JBS fine highlights meatpacking dangers
The federal agency had accused JBS USA in Greeley of 20 health and safety violations at the company’s beef processing plant more than a year ago. JBS, which did not admit to the allegations, also must take steps to make its workplace safer as part of the settlement.
The settlement in May followed an inspection by OSHA in December 2012 that revealed potential for conditions that could lead to amputations and fall hazards in elevated work areas, among others.
Despite the settlement and the improved safety measures, JBS employee Ralph E. Horner, 54, of Wellington died June 10 after becoming trapped in a conveyor. Horner was pronounced dead at the scene after he was found by employees.
Authorities have ruled out foul play in Horner’s death, which no one seemed to have witnessed, said Sgt. Joe Tymkowych of the Greeley Police Department.
“He was probably inspecting … which was part of his job duties, just to make sure things ran smooth, and somehow got caught up in the system,” Tymkowych said. “The coroner has indicated that it was an accidental death.”
Autopsy and toxicology reports have not yet been completed, according to the Weld County Coroner’s Office. OSHA is investigating Horner’s death, OSHA spokesman Juan Rodriguez said.
The safety violations and Horner’s subsequent death underscore the dangers of meatpacking, an industry that involves work with machinery that processes heavy cattle carcasses. The last employee death at JBS occurred in 2008 when a worker was hit by a truck outside the plant.
“There’s no apple-to-apple comparison for any other type of worker in this country,” said Kim Cordova, president of the United Food and Commercial Workers Local 7 union that represents JBS employees. “They’re slaughtering a giant animal, working around very dangerous equipment.
“A lot of injuries do occur in this industry.”
JBS representatives did not respond to requests for comment for this story, although the company had said in June 2013 that it would work closely with federal officials to find remedies to ensure employees’ safety. The company employs more than 4,200 people in Greeley, where its beef plant’s daily processing capacity totals 5,400 cattle.
In a separate case in July 2013, OSHA accused Greeley-based chicken processor Pilgrim’s Pride Corp. (Nasdaq: PPC), in which JBS USA owns a controlling interest, of 11 safety violations at its De Queen, Ark., plant.
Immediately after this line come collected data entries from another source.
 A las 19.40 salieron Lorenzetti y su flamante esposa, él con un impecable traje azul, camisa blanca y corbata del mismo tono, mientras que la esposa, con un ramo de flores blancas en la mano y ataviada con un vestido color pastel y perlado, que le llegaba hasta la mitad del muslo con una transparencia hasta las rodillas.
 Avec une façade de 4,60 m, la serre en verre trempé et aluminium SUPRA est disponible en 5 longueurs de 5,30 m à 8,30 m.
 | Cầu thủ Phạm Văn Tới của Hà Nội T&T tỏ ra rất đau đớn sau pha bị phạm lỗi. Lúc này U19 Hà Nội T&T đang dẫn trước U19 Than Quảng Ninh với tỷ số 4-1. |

Pilgrim’s Pride, which faces $170,000 in OSHA fines, is accused of exposing workers to hazardous chemicals, among other allegations.
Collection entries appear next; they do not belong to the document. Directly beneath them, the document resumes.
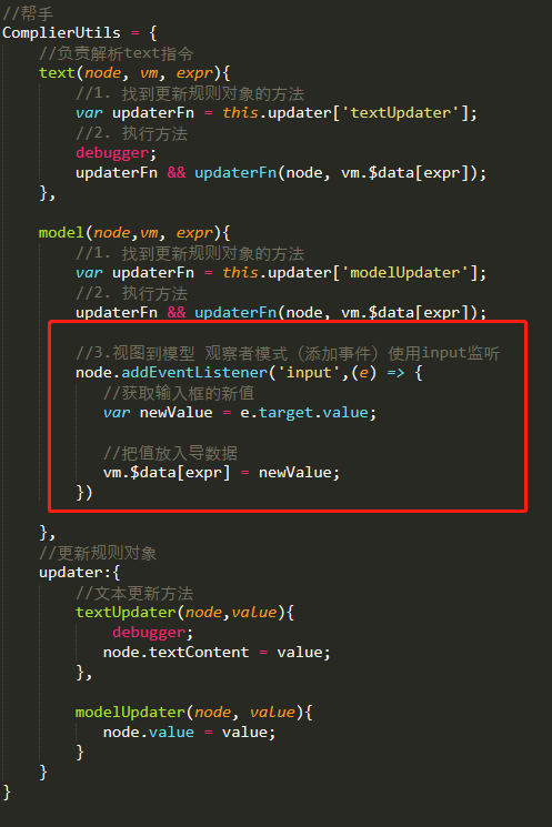 vue的数据双向绑定 将MVVM作为数据绑定的入口,整合Observer,Compile和Watcher三者,通过Observer来监听自己的model的数据变化,通过Compile来解析编译模板指令(vue中是用来解析 {{}}),最终利用watcher搭起observer和Compile之间的通信桥梁,达到数据变化 —>视图更新;视图交互变化(input)—>数据model变更双向绑定效果。
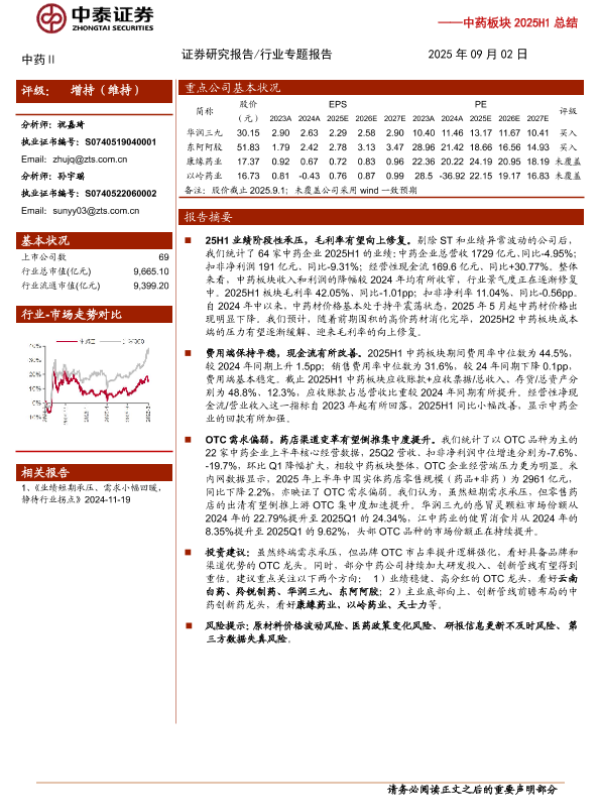 【中泰证券】【202509】中药板块2025H1总结:业绩短期承压,静待需求回暖-10页 证券期货研究报告
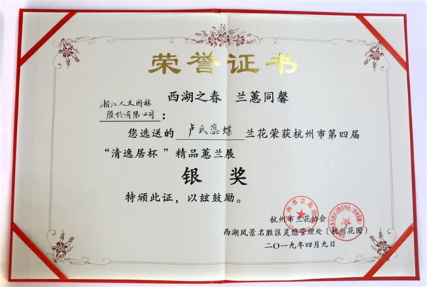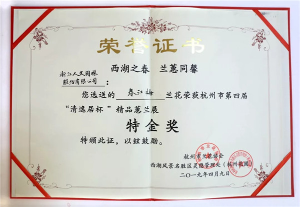 正是西湖四月天,桃紅柳綠,百花盛開,如詩如畫。年初的杭州市民蘭花節熱鬧勁剛過,4月9日,在和煦的春風和幽幽的蘭香中,江南古典名園郭莊又迎來了“西湖之春 蘭蕙同馨”2019第四屆中國杭州蕙蘭精品展的開幕。開幕式上揭曉了本次蕙蘭展的獲獎名單,浙江人文園林股份有限公司的展品“春江梅”一舉奪得特金獎,展品“盧氏蕊蝶”榮獲銀獎,副總裁錢茜萍出席開幕式并代表公司領獎。
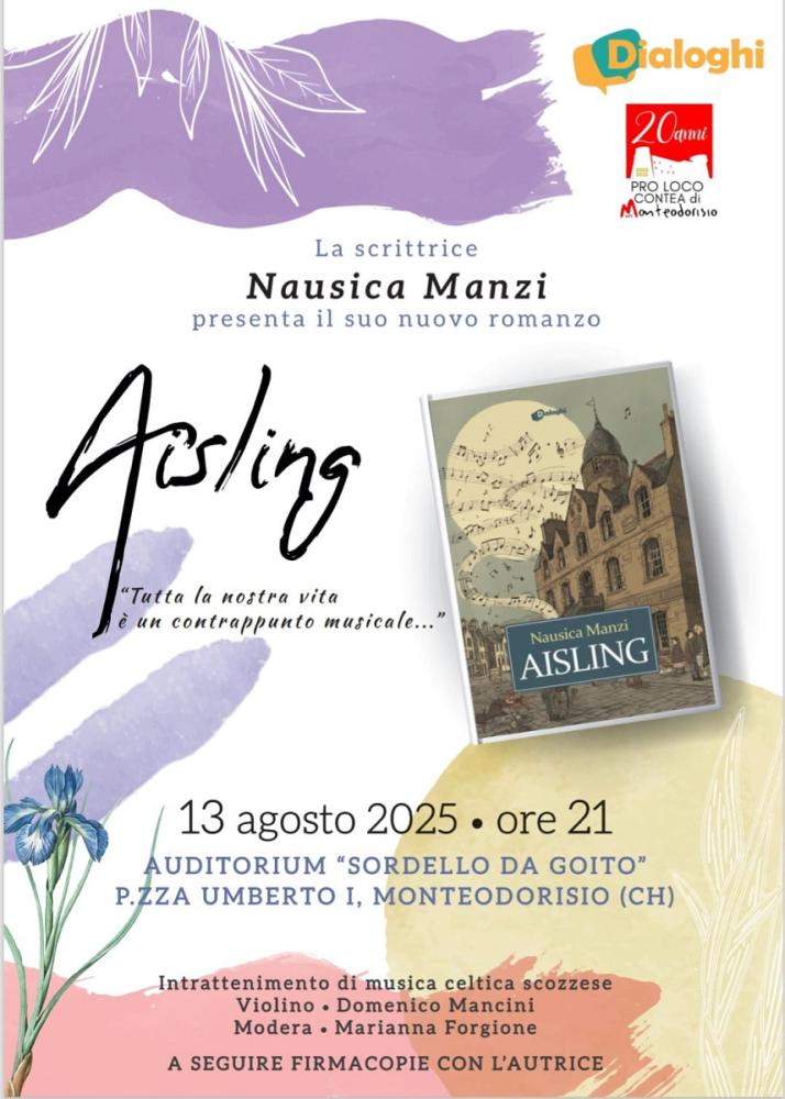 L’Auditorium “Sordello Da Goito”, nel complesso museale del Castello di Monteodorisio (Ch) farà da cornice alla prima presentazione ufficiale di Aisling, il nuovo romanzo di Nausica Manzi, in programma per mercoledì 13 agosto, alle ore 21.

Pilgrim’s Pride has disputed the allegations, Rodriguez said. The company said at the time that it took the allegations seriously, and added that no employees were injured as a result of the alleged conditions.
Tim Neubauer, senior consultant for the Itasca, Ill.-based National Safety Council, a nonprofit focused on preventing injuries, said the meat processing industry has developed leading standards to prevent ergonomic injuries. However, he said that the industry relies on an entry-level workforce often consisting of immigrants who have trouble communicating with managers and who also tolerate higher levels of risks.
“Those are two pretty big hurdles,” said Neubauer, whose team travels worldwide to advise companies on safety matters. “You have the language barrier and different levels of acceptable risk.”
In 1992, meatpacking plants had 44.4 nonfatal injuries per 100 workers. Poultry processing saw 23.2 cases per 100 workers. Overall during the same period, private industry had a rate of 8.9 cases per 100 workers.
By 2012, the animal processing injury rate had improved, but still remained higher than the average across all private industries.
Nonfatal injuries in meatpacking had declined to 5.8 cases per 100 workers. In poultry processing, workers had 4.9 injuries per 100 workers. The average across private industry, however, totaled 3.4 cases per 100 workers.
Lorann Stallones, an occupational epidemiologist at Colorado State University, said agribusiness workers have greater exposure to risks than do other workers. Industries such as meatpacking tend to employ novice workers who are less familiar with tasks. Meatpackers also encourage speedy work, increasing risks for employees using cutting equipment and conveyor belts.
“The training that goes on in some of these places is minimal,” said Stallones, director of the Colorado Injury Control Research Center. “All of those things create a risky workplace.”
Stallones said companies may think of safer workplaces as less productive ones, but she argued that both can exist at the same time. Businesses should get involved with safety organizations to help reduce risk of injury to their employees, she said.
“You have to match the need for productivity with the value of healthy, safe workers,” she said. “I’m not sure we’ve done that particularly well.”